How then do we talk about The Spear at all in this climate of rage and fear which demands absolute loyalty to the group and an abdication of human agency in favour of a narrow self-serving solidarity? How do we talk about the manner in which it is being used and exploited by shameless politicians, yes, but also about the need to show respect and understanding for the deeply embedded memories and feelings of apartheid generated humiliation and grievance, without trading in our hard-won freedom for a version of conformity enforced on us by some ANC leaders or populist rabble-rousers masquerading as communists?

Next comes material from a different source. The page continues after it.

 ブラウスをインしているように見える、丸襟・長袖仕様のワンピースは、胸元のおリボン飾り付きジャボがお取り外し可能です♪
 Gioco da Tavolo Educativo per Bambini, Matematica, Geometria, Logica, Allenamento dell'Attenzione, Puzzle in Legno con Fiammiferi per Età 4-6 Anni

How does one listen to and demonstrate respect for the genuine feelings of fellow South Africans without succumbing to the Jacobins? How do we vigorously defend the right to freedom of expression and artistic freedom, the right to think and feel what we want and to express those feelings and thoughts in the most robust and even rude forms, the right not to have to conform to the official ANC-enforced view about a painting just because one is black and thus expected to show solidarity with the philanderer from Nkandla or just because one is white and is supposed to be fearful of being branded a racist or is supposed to keep a patronising yet smug silence – a la Samantha Vice?

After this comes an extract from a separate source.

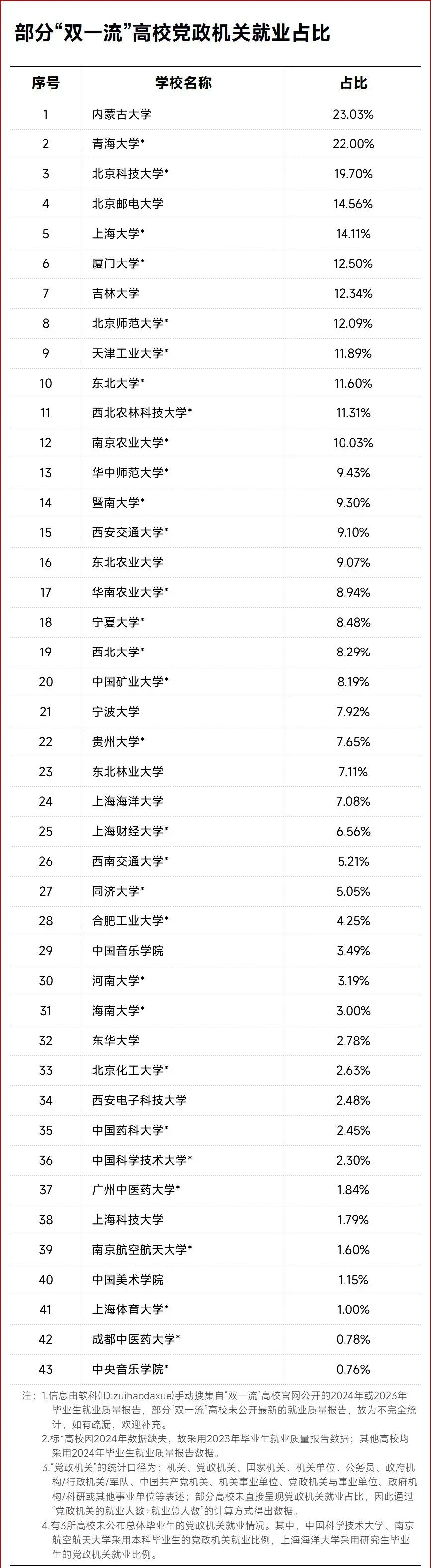 2022届毕业生中有95.35%进入党政机关。2024届96.47%的毕业生进入中央部委、省级机要部门,部分通过“内部专场考试”直接入编。

I would suggest that perhaps one may start by engaging in a robust and honest discussion about the nature of human dignity, which is a value running like a golden thread through our Constitution and underpin most if not all the rights protected in it and is also a right protected by section 10 of that Constitution. In my view (set out in a rather simplistic manner in the short space available here), the concept of human dignity is much abused.
I would contend that dignity is based on the assumption that humans have an intrinsic moral worth. They have this worth – and therefore have dignity – because they are rational agents. In other words, we have dignity because we are free agents capable of making our own decisions, setting our own goals, and guiding our own conduct by reason. One treats somebody else with dignity if one does not treat that person as a means to an end. In one understanding of dignity, one I favour, what is required of all of us when we are called upon to respect the human dignity of others is not that we always need to act selflessly and with a morbid and obsequies respect for the personal feelings of others. Rather, we are called upon to respect others enough to treat them as human beings who are capable of rational thought and reasoning. Thus we may never manipulate people, or use them to achieve our purposes, no matter how good those purposes may be.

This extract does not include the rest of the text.